What makes the DRM issue really about power (and NOT about "freedom" or "consumer friendliness") is that current DRM schemes puts all the power into seller. The most vocal dissent against DRM, however, when examined, really about retaining the power that comes with cheap computing.

This is no way for society to function. We're not the Wild Wild West and I certainly do not want a tyrannical social order either. The solution is a decentralization of power. Being able to use an untrusted mediator is a big deal, of which a DRM method is one small application of this.

In this guy's case, he is selling used software in the EU. By being able to tie the DRM to the bitcoin transactions, it better allows for used software to be passed from one person to another in a fair and equitable way. It can be done in a way where the software owners have little to complain, that if you're going to resell the software and treat it like a tangible good, then at least that gets tracked.

Now, I've heard arguments that, software and other digital "goods" are not inherently tangible, and should have no scarcity restrictions on it. That any form of DRM is therefore arbitrary. However, that fails to consider two points. First, is that authorship and creative endeavor is itself not as easily replicable as the digital good. When you pay for a digital right, you're actually paying for the effort put into the creative endeavor -- although in practice, the owner and controller of a right often is not the creator. The second, is that all types of property are inherently arbitrary. There is nothing sacred about property, though a lot of people have deep, unexamined, emotional attachments to property.

I actually find it hilarious that people get angry about how arbitrary digital rights are ... and yet fail to consider that all property rights are inherently arbitrary. Who owns the water, the land? Who owns the air? Who owns the animals and other living beings on earth? We humans like to think we are the owns, but we not really. We draw arbitrary lines around land and other resources and trade pieces of paper designating ownership. Why not get angry about that?


> If you aim for consumer friendliness, you shouldn't do DRM in the first place.

> Since DRM is by definition "defective on purpose" (or "defective by design", as some NGOs say), there is no reason to trust any DRM scheme - p2p or centralized.

Those are unexamined assumptions that are driven more by emotion than anything.


Indeed, consumer friendliness is mostly about emotions, that is, keeping your users happy. DRM usually makes users annoyed or even angry.


What's up with using github for what amounts to a text post? It makes the link misleading (implying that you actually have some code), and it's not a great use of github anyway.


This is an admittedly ignorant question.

Would telehash be a useful application protocol to implement this on? http://telehash.org/

It's built on a distributed hash table (DHT) routing mechanism that is inherently decentralized.


Sounds interesting, but I'd have to see it work in a live practice. There's a lot of neat and interesting protocols out there that look good on paper, but in a real world setting completely fail. That's why we've seen a disintegration of services that run outside of port 80 (www).


Maybe the first step is creating a github-like platform without an attackable central authority.
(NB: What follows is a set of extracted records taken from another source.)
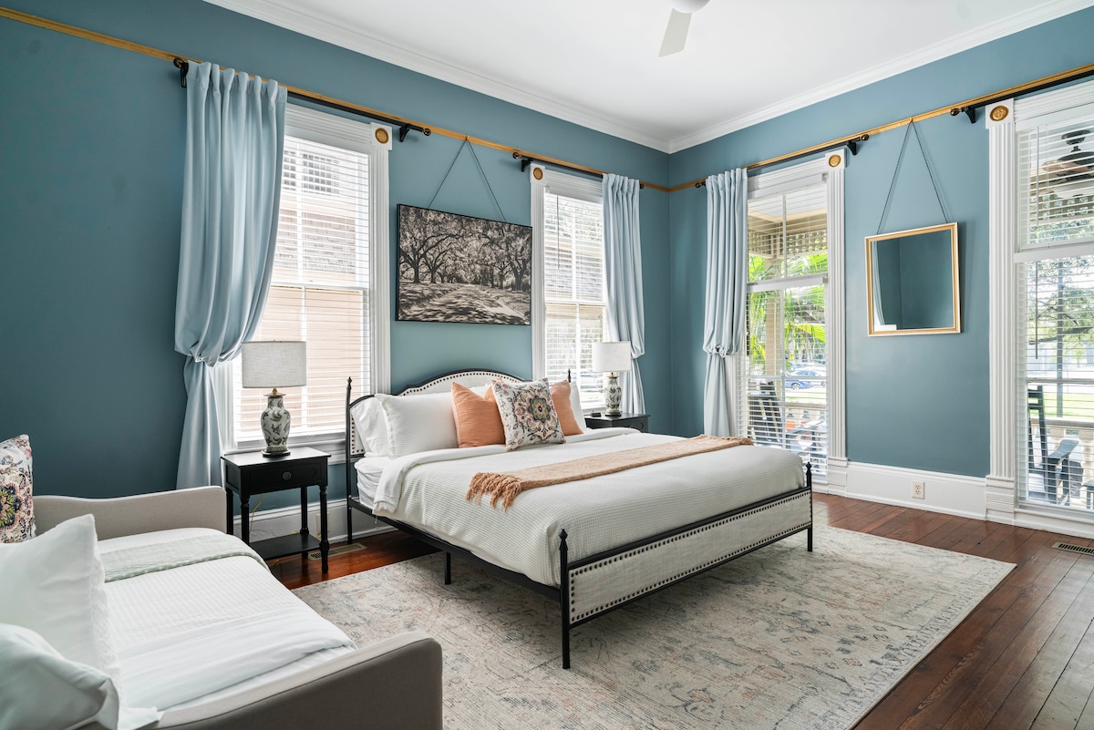 Alójate en el corazón de la histórica Savannah en nuestra casa de 1800 bellamente renovada, a solo unos pasos del Parque Forsyth. Este encantador refugio combina el carácter clásico del sur con las comodidades modernas. Relájate en un oasis privado al aire libre con una pérgola, una silla colgante, una columna de fuego, una parrilla y asientos acogedores, perfectos para relajarte con una bebida. Ideal para una escapada romántica, un viaje de chicas o una escapada de fin de semana, esta joya ofrece comodidad, encanto y una ubicación privilegiada.
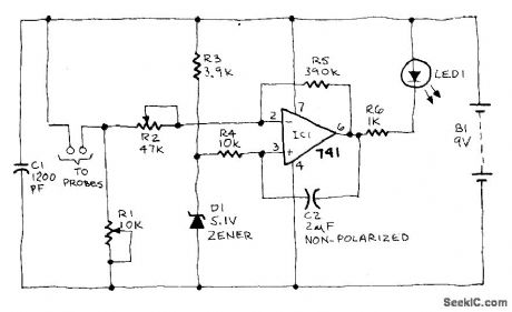 When the soil is moist, the LED glows. If the moisture falls below a certain predetermined level, the LED begins to flash. If there is still less moisture, the LED tums off. To calibrate, connect the battery and insert the probe into a container of dry soil. Set R1 to its maximum value then reduce that resistance until the LED begins to flash. The range over which the LED flashes before going out is adjusted using R2.
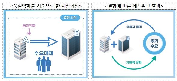 뿐만 아니라, 개정 심사기준은 경쟁제한 효과를 분석할 때 공정위가 네트워크 효과를 고려할 수 있음을 명시했다. 디지털 서비스 공급자의 기업결합은 해당 서비스의 이용자 수나 해당 사업자가 보유한 데이터 양 증가로 이어질 수 있다. 이용자 수 증가는 더 많은 소비자들이 해당 서비스를 이용하게 할 수 있으며, 데이터 양 증가는 해당 사업자가 제공하는 서비스 품질 개선으로 이어질 수 있어 이 역시 추가 수요 유발 요인으로 작용할 수 있다. 이러한 가능성(네트워크 효과)이 클수록 결합기업들의 시장지배력 역시 커질 수 있는데, 이를 고려할 수 있게 한 것이다.

A title like Silk Road 2.0 makes me think you want attention more than you want a distributed anonymous marketplace. Why not focus on having a distributed marketplace that also happens to be anonymous instead of focusing on the anonymous aspect so much?


RetroShare accepts plugins, so could that be an option?

It's open-source, decentralized, public key encrypted communication and very easy to install and use:

http://retroshare.sourceforge.net/


The problem really boils down to reputation and trust. If you can create a "portable" reputation that can move among decentralized marketplaces the rest is relatively easy.

But that's a very hard problem.


Oh god, something like this surely you'd want to distance yourself away from Silkroad as much as possible? Call it something else. Don't mention SR.


I doubt he's gonna make it. I think it was just thrown out there as an idea.


email me.


[deleted]


Mediators will be getting a fee, obviously. No one would work for free. With bitcoin, it's just one more transaction output.


It would be easier to just create a new Silk Road website.

This site also fails to cover the laundering aspect of sending/receiving from a DPR wallet.


This is way way off topic but it has been really bothering me lately: Why do so many people misspell "losing"? In the wrap up of the OP:

>The federated distributed marketplace will be much more difficult to shut down. And even in the case of shut down, no one is loosing their money.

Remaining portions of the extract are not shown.